*** Opening of Dataset content ***

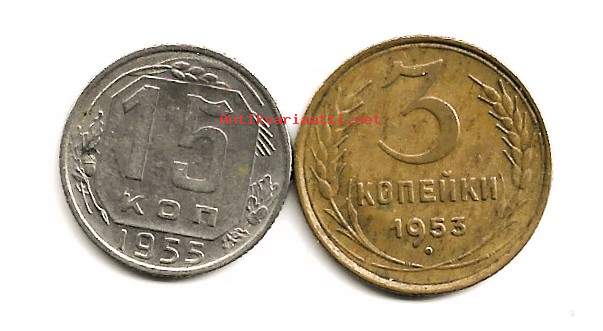 Neuvostoliitto 3 ja 15 kop 1953-55 - ulkomainen kolikko 2 kpl
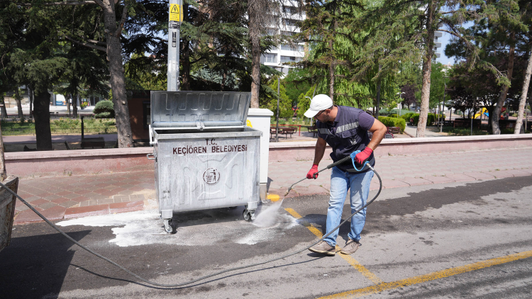 ANKARA (İGFA) - Ankara'nın Keçiören ilçesinde çöp konteynerlerinin çevresi temizlenip dezenfektesi yapılarak konteynerler daha hijyenik bir hale getirildi.
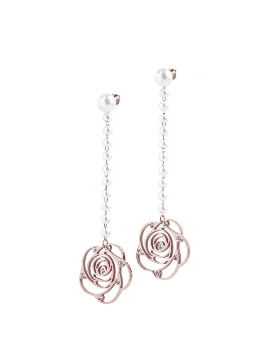 Raffinati orecchini pendenti in acciaio/ acciaio PVD rosé con perle rivestite e charm a rosa traforata impreziosito da cristalli bianchi. Il pendente è removibile, per due look in uno.
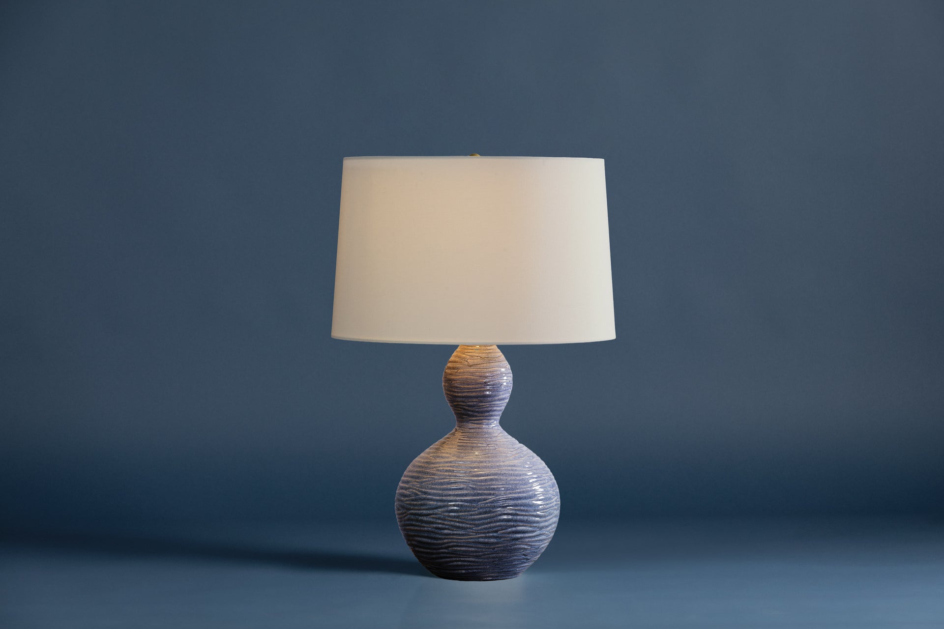 Cairns' organic bulbous shape, textured ceramic base, and white linen shade makes this table lamp a natural beauty. The Ceramic Coastal Blue finish is a reactive glaze, creating color and movement as light spills down the base.

*** Close of Dataset content ***

## Exercise requirements
The required output is an exact copy of the lines from the start of the material above through the line containing "Raffinati orecchini pendenti", inclusive, with no pictures in it.

## Your response
 Neuvostoliitto 3 ja 15 kop 1953-55 - ulkomainen kolikko 2 kpl
 ANKARA (İGFA) - Ankara'nın Keçiören ilçesinde çöp konteynerlerinin çevresi temizlenip dezenfektesi yapılarak konteynerler daha hijyenik bir hale getirildi.
 Raffinati orecchini pendenti in acciaio/ acciaio PVD rosé con perle rivestite e charm a rosa traforata impreziosito da cristalli bianchi. Il pendente è removibile, per due look in uno.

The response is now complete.